Слава о преуспевающем богаче, об умном хозяине и почитаемом человеке распространилась по всему краю. И вот из Якутска пришла бумага от большого начальника, в которой говорилось, что он, Апанаа Куриль, назначается головой юкагиров. Не поняв, зачем это сделано и что это значит, Куриль помчался в город.
– Что мне делать как голове юкагирскому? – спросил он у исправника. – Товары, что ль, продавать или следить за шаманами?
– Ясак будет платить твоя тундра, – ответил исправник. – А ты следить должен. И князьев назначать можешь. А кроме этого – делай, что хочешь…
И получил голова печать. Эта чудная штучка, оставлявшая круглый рисунок с буквами и орлом, привела Куриля в восторг. Приехав домой, он стал лепить пометки на чем попало: дарил кирпич чая – ставил печать, разглядывал шкуры – с гордостью проштемпелевывал каждую, даже свою драгоценную березовую палку изрисовал орлами… Никто, однако, над ним не смеялся: Куриль вошел в большой мир.
Затем произошел случай, надолго прославивший его как голову. Узнал Куриль, что исправник Друскин грубо обращался с ламутскими людьми, – и пожаловался в Якутск. Друскин перепугался, пригласил его к себе и хотел напоить горькой водой. Но Куриль пить не стал. «Водка не смоет гнев людей, а уважение ко мне смоет», – сказал он и уехал. И Друскин притих.
Богачи завидовали Курилю. Потому что тот, кто близко стоит к начальству, много знает, далеко видит, а в делах это очень важно. Часто спрашивали его: что надо, чтоб стать головой? Он не знал. Но отвечал уверенно, как думал: «Сколько хочешь имей оленей, а будешь жестоким и жадным – головой не станешь». И не нашлось такого богача, который захотел бы отобрать у него печать…
Уважение к Курилю, как к человеку особенному, росло. Признали его ум богачи Тинальгин, Чайгуургин, Тинель – кут, известный якутский купец Мамахан, русские купцы, даже хитрый американец Томпсон.

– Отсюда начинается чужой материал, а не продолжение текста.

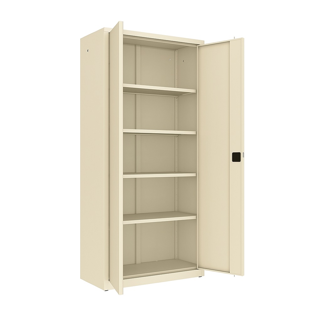 Szafy są wysyłane w całości a wykonane są z blachy stalowej grubości 0,7 mm. Wieniec dolny wyposażony jest w stopki poziomujące. Każda z szaf posiada półki, które można przestawiać co 2,5 cm w zależności od gabarytów przechowywanych elementów, segregatorów czy innych dokumentów. Dopuszczalne obciążenie półek to aż 65 kg. Dodatkowo półki mają możliwość zawieszania teczek A4. Zamek ryglowy zabezpiecza drzwi w dwóch punktach: w dnie oraz w wieńcu górnym, dzięki zastosowaniu systemu ryglowego góra-dół. Każda metalowa szafa na dokumenty RODO z drzwiami skrzydłowymi posiada schowane w drzwiach zawiasy. Dzięki temu meble nie tracą na estetyce i są po prostu ładne.
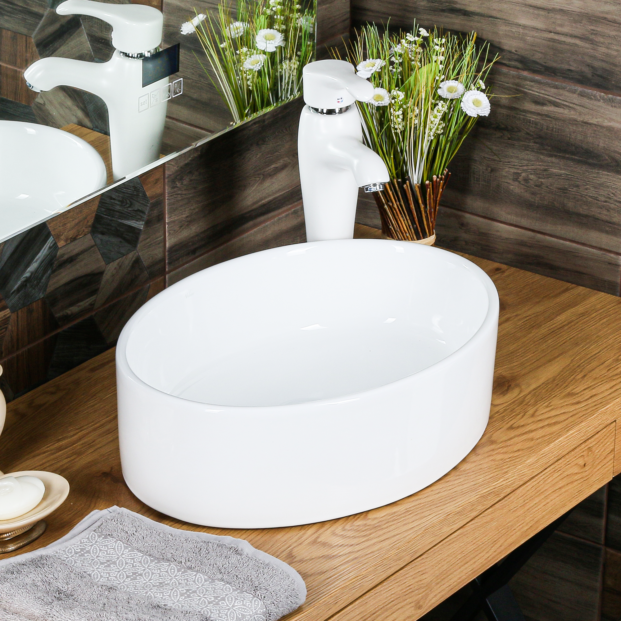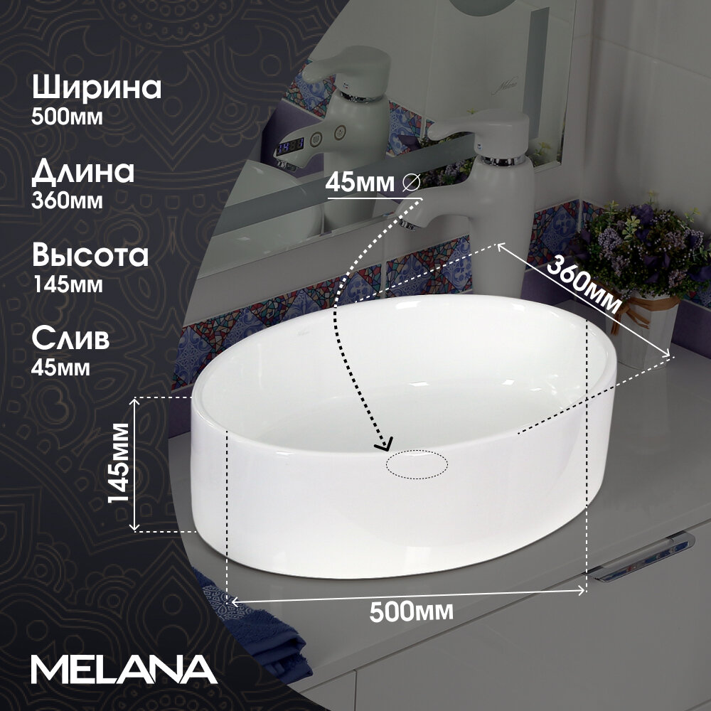 Накладная раковина "Melana" MLN-7151, фаянс, белая, овальная
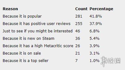 根据该开发者的统计,绝大多数的游戏获得推荐是因为游戏的流行(占比41.8%)和用户好评率较高(占比37.9%),可能感兴趣的推荐位占比6.8%、新游戏推荐位占比5.4%、Metacritic评分高的占比3.9%,促销的占比3.1%,位于畅销榜拿到推荐的占比只有1%。
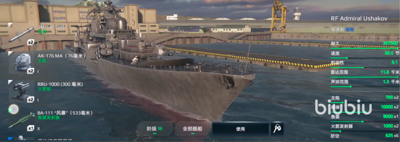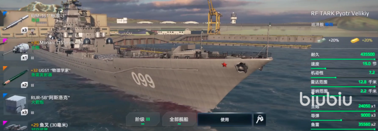 第三艘则是大名鼎鼎的彼得大帝了,他拥有着整个游戏为数不多的强大火力。并且可以装下三枚导弹,所以爆发性伤害更高。另外还可以装配一门主炮再加上两枚鱼雷,再搭配三门火箭炮,就是一艘行走的战舰,让人感觉恐怖如斯。不管是日常刷钱还是真人局,都特别好用。
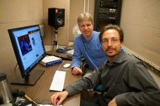 Professors Don Meyer (left) and Davis Schneiderman created an audio-visual experience linked to a Chicago play.
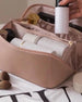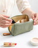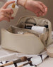 Stor lagringskapacitet för all kosmetika du vill ha med dig på resan, och en delikat resa. Enkel och stor öppningsdesign, lätt att ta.Dubbellagers molnväska i krämigt läder som är mjukt och premium som ett moln.Linje snyggt, ignorera inte varje detalj. FUNKTIONER Designväska med stor kapacitet -- Vid öppningen av sminkväskan sätts en stål...
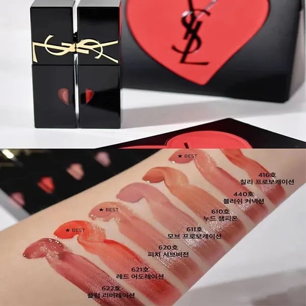 - Thiết kế: Vỏ đen sang trọng lấy cảm hứng từ trang phục Tuxedo, điểm nhấn là khung hình trái tim trong suốt giúp quan sát màu son bên trong và logo YSL mạ vàng tinh xảo.
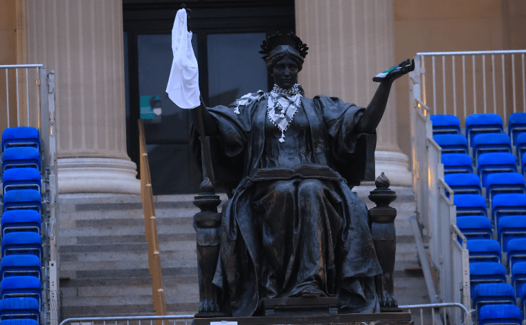 Öğrencilerin açtığı diğer pankartın üzerindeyse “Hind Hall” yazıyordu. Hind Rajab İsrail ateşi altında hayatını kaybeden altı yaşında Filistinli bir kız çocuğuydu. Öğrenciler Hamilton Hall’un adının artık “Hind Hall” olduğunu söylediler.
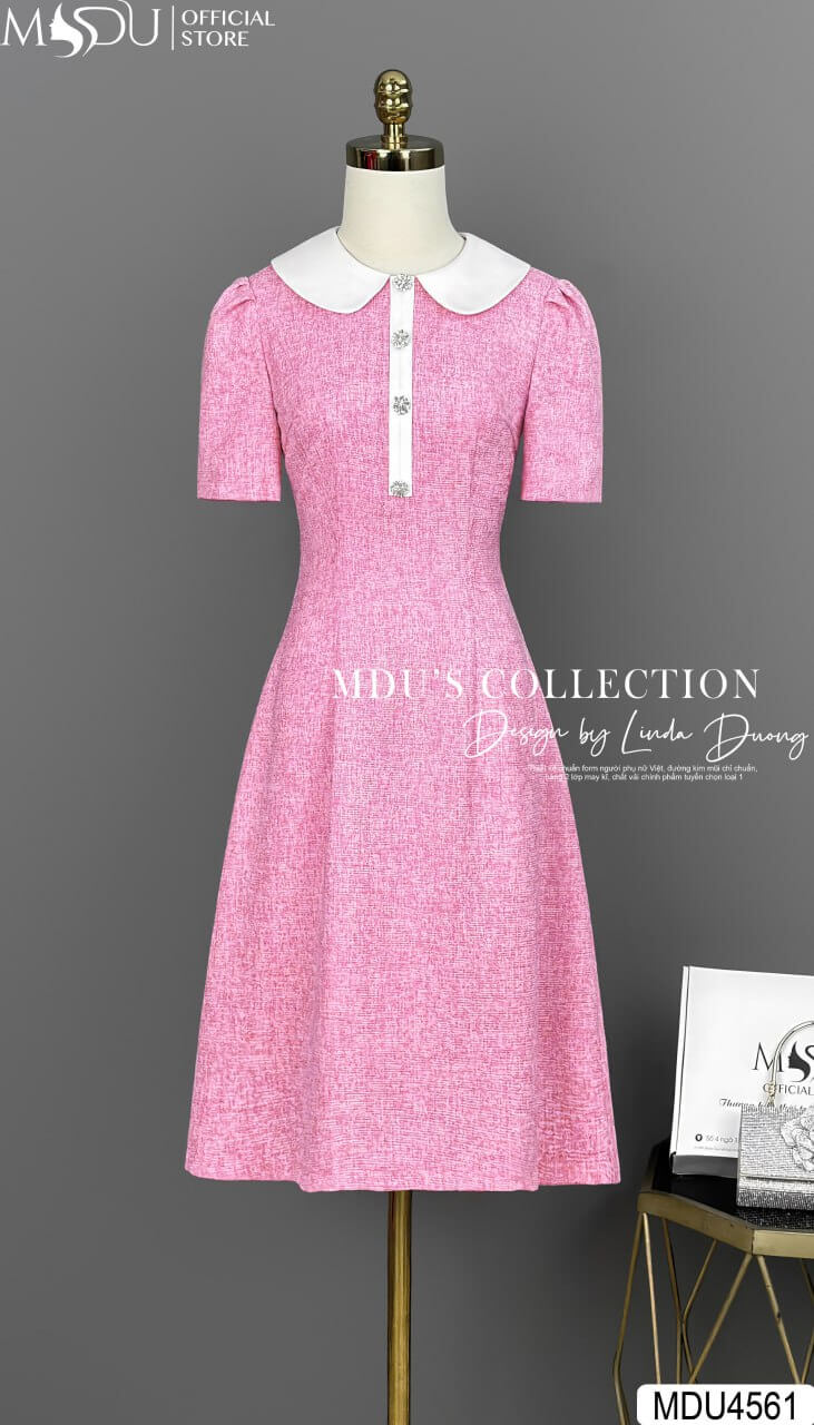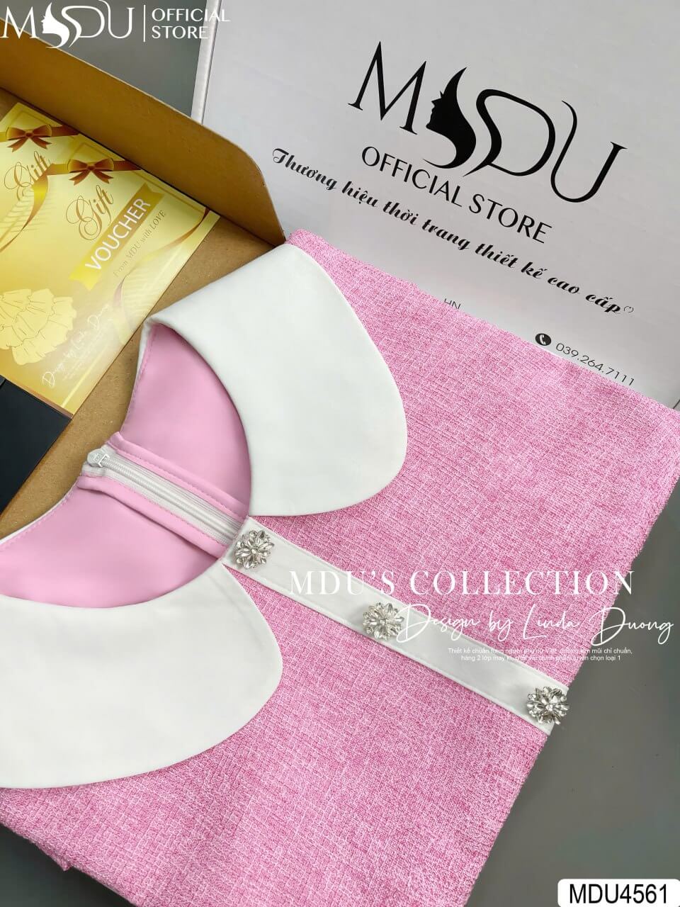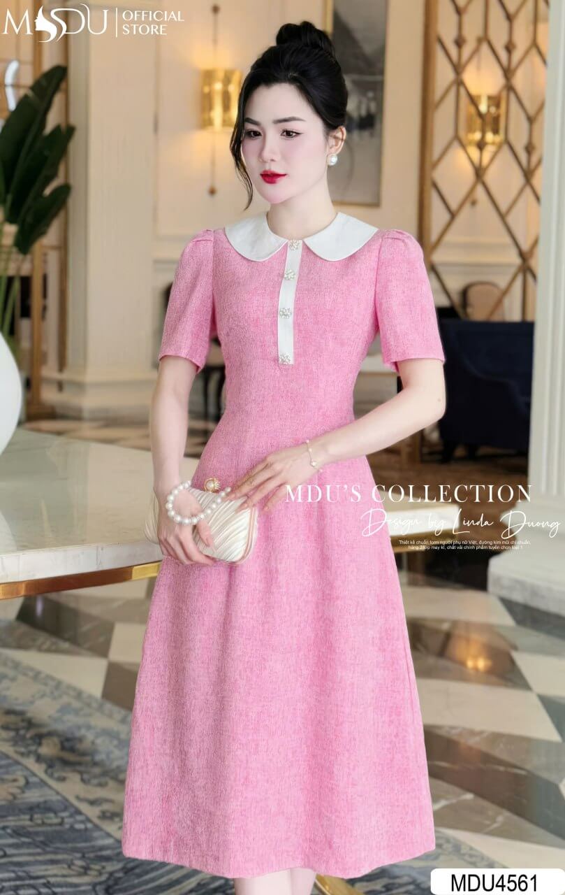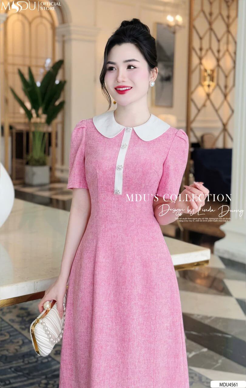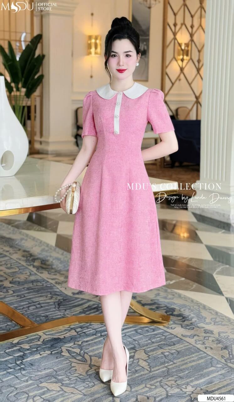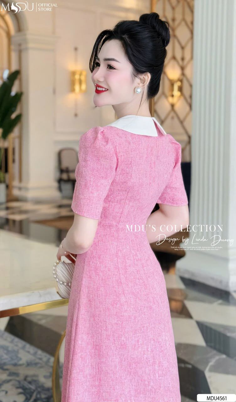 Sắc hồng nhạt ngọt ngào của MDU4561 mang đến vẻ đẹp nữ tính, nhẹ nhàng nhưng vẫn đầy sang trọng. Thiết kế dáng suông nhẹ nhàng kết hợp cổ sơ mi cách điệu tinh tế, tạo điểm nhấn độc đáo, phù hợp với nhiều dáng người. Đây là mẫu váy lý tưởng cho các dịp dạo phố, dự tiệc, hay môi trường công sở, mang lại vẻ ngoài cuốn hút và tự tin cho các quý cô.

Став настоящим царем тундры, Апанаа Куриль, однако, не мог постичь двух вещей – грамоты и шаманства. Ну, грамоту он оставил сразу – решил надеяться на ум и язык. А вот вера не в бога Христа, а во что – то иное – в духов, подчиненных воле людей, в способности видеть незримый мир, – это было для него неразрешимой загадкой с самого детства. Правда, став головой, он решил освободить себя от таких мук. С расчетом на то, что слова его разбегутся по тундре, он нашел случай сказать: «Я не был и никогда не буду шаманом. Но если захочу, то без вдохновения и без бубна испорчу кого угодно. Особенно самих шаманов. Пусть тронут меня – я их отвезу в Якутск, а там русские боголюди быстро справятся с ними». Шаманы испугались угрозы, а Сайрэ даже видел потом во сне мир боголюдей, которые тоже предупредили его. Взял Куриль верх над шаманами – но на душе у него было все так же.
Вот и сегодня, выехав к Мельгайвачу, он ломал себе голову: мог или не мог чукча – шаман за десятки якутских шаганий испортить людей?[19] Это имело значение и для деловых разговоров, и для его жизни и действий как головы: юкагиры стали коситься на чукчей… Путь был долгим, и Куриль отдался раздумью.
Шаман Мельгайвач – богатей из всех богатеев. Оленей у него в два раза больше, чем у знаменитого Тинальгина, и даже сам голова чукчей Кака иногда берет у него по нескольку оленей без отдачи – у Мельгайвача не убудет.
Разными были слухи о том, как разбогател Мельгайвач. Одни говорили, что будто бы он с помощью духов загнал к себе огромное стадо диких оленей, другие будто бы видели, как от стад богачей сами собой отделялись мелкие табунки и переходили в стадо шамана. Однажды Кака прямо сказал ему:
– Если не прекратишь эти проделки – я сам нападу на тебя. Мои духи тоже не слабые.
Мельгайвач лишь усмехнулся на это:
– Да никакой я не шаман. Всегда и всем говорю: не шаман я. Давно бы сжег бубны, да боюсь, духи накажут; А шаманю так, для души.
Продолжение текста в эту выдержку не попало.